§ **Directions for this task**:
At the line with "This image shows", start transcribing; stop after the last line of the data below. Keep it exact and leave pictures out.

§ **Supplied data**:

#####

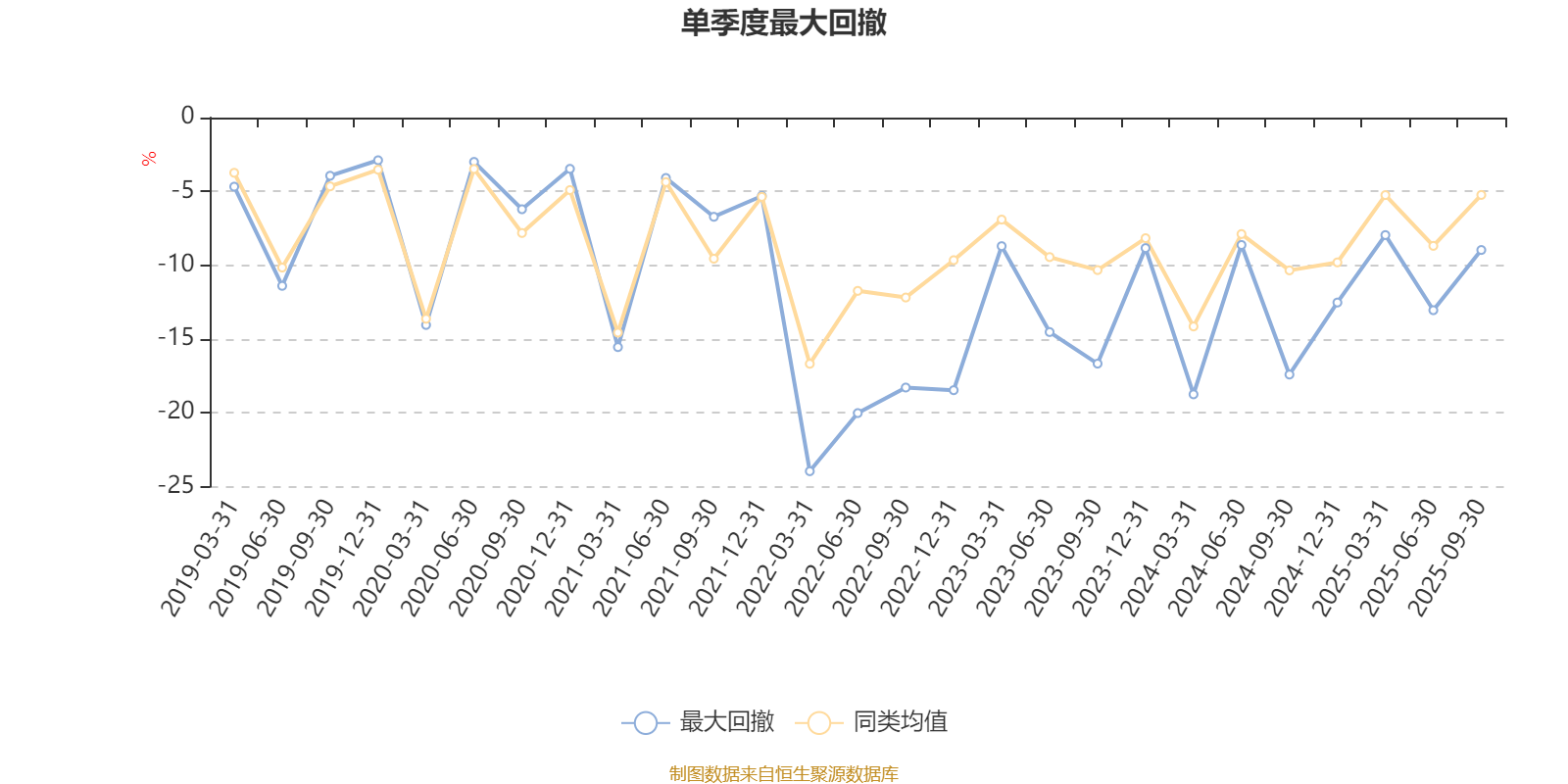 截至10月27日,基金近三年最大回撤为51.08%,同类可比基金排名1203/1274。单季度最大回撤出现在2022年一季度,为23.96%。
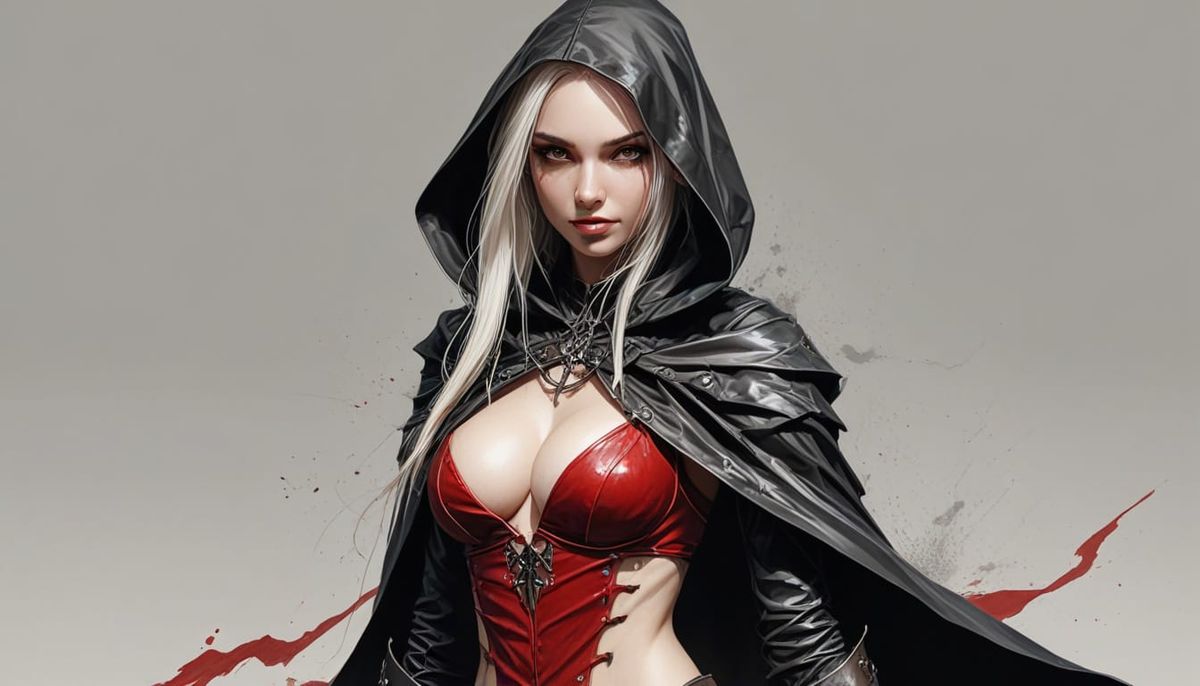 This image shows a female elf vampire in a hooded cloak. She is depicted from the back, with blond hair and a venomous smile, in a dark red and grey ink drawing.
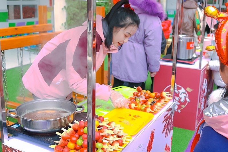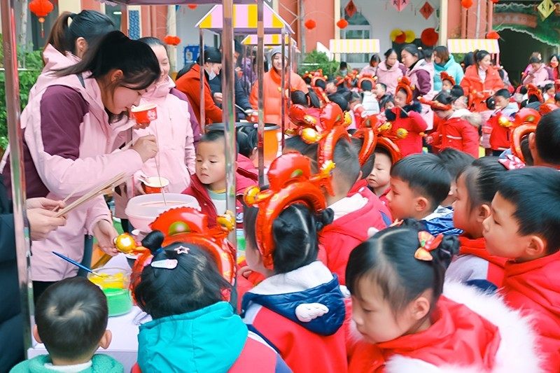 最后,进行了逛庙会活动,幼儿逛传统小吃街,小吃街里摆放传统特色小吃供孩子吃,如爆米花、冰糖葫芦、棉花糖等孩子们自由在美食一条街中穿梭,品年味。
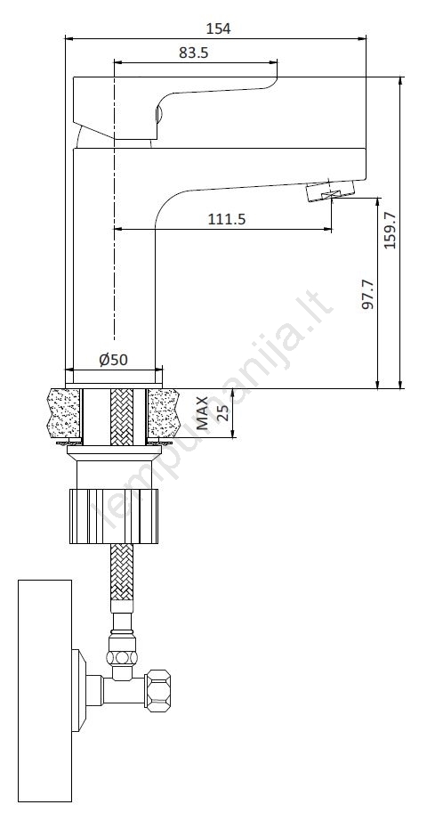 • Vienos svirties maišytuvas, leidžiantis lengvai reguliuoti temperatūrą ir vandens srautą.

#####

§ **Result of this exercise**:
 This image shows a female elf vampire in a hooded cloak. She is depicted from the back, with blond hair and a venomous smile, in a dark red and grey ink drawing.
 最后,进行了逛庙会活动,幼儿逛传统小吃街,小吃街里摆放传统特色小吃供孩子吃,如爆米花、冰糖葫芦、棉花糖等孩子们自由在美食一条街中穿梭,品年味。
 • Vienos svirties maišytuvas, leidžiantis lengvai reguliuoti temperatūrą ir vandens srautą.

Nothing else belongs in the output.